In 2015, after doing some adjunct teaching at a fantastic college, I applied for a full-time teaching position in the social work department at another university. I’m still not sure exactly how it happened, but I got the job. Everything I loved about working with clients, I also loved about teaching—sitting in a classroom with students and collaborating around a problem that needed solving, supporting and empowering students to trust in their own experience, expertise and knowledge, and looking together at the metaphors in our shared human experience. When I would break a class into small groups for discussion, the collective hum of conversation was like its own song—the sound created reminds me of an orchestra warming up. Life got really busy (see: Katie has a toddler and a full-time job). I didn’t play my guitar very much.
Then something extraordinary happened. As the end of my first-year teaching approached, I was informed that I should participate in graduation. I put on my cap and gown and took the T (what Bostonians call the subway) down to the waterfront, because it turns out that the university’s graduation is held at the Boston Pavilion. I lined up with my fellow professors and prepared to walk out for the start of graduation. As the line of faculty slowly inched forward, I realized that I was about to walk on stage at the Boston Pavilion. I took another step, and I was standing on stage, just as I had promised myself I would do so many years earlier.
I had done it.
But the path that had brought me here, to this stage, was not something that I could have ever imagined when I first graduated college.
These days, I’m still teaching full time, and I still love music. I wish I played my guitar more, but I’m working on it. When I play, it remains one of my most powerful self-care tools. Social work is a field that encourages and embraces creativity, so I’ve always appreciated how my interest in stories and my interest in music have been allowed into my practice. Being a great social worker often involves maintaining professionalism while also bringing forth our own greatest strengths and creativity, in service of the work that we are doing with others.
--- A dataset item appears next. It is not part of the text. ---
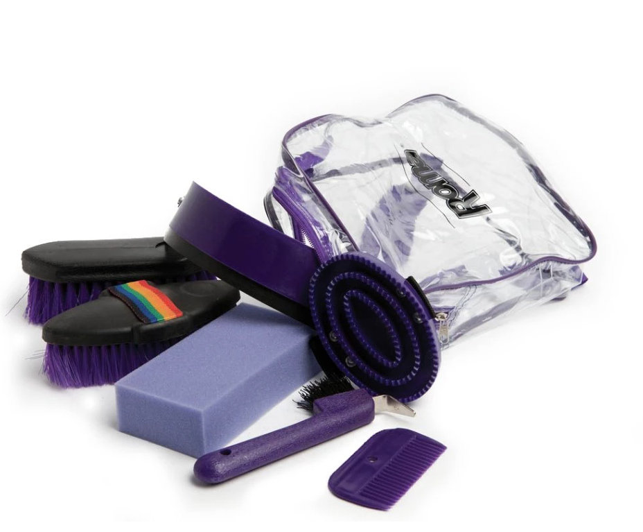 小さめサイズのお手入れ用品7品 持ち運びに便利な透明バッグのグルーミングセット

One of the things that has been most interesting to me in life is how our paths can wind and twist in exciting and unexpected ways. As you embark on this graduation, I encourage you to stay open to the paths ahead, to be curious about where they lead, to stay open to their possibilities, and to appreciate the strange and beautiful ways that paths can also bring us home again—wherever that home is.
Katie Novick Nolan, LICSW, is Associate Professor of practice and BSW Program Director at Simmons University School of Social Work, where she teaches in the BSW and MSW programs.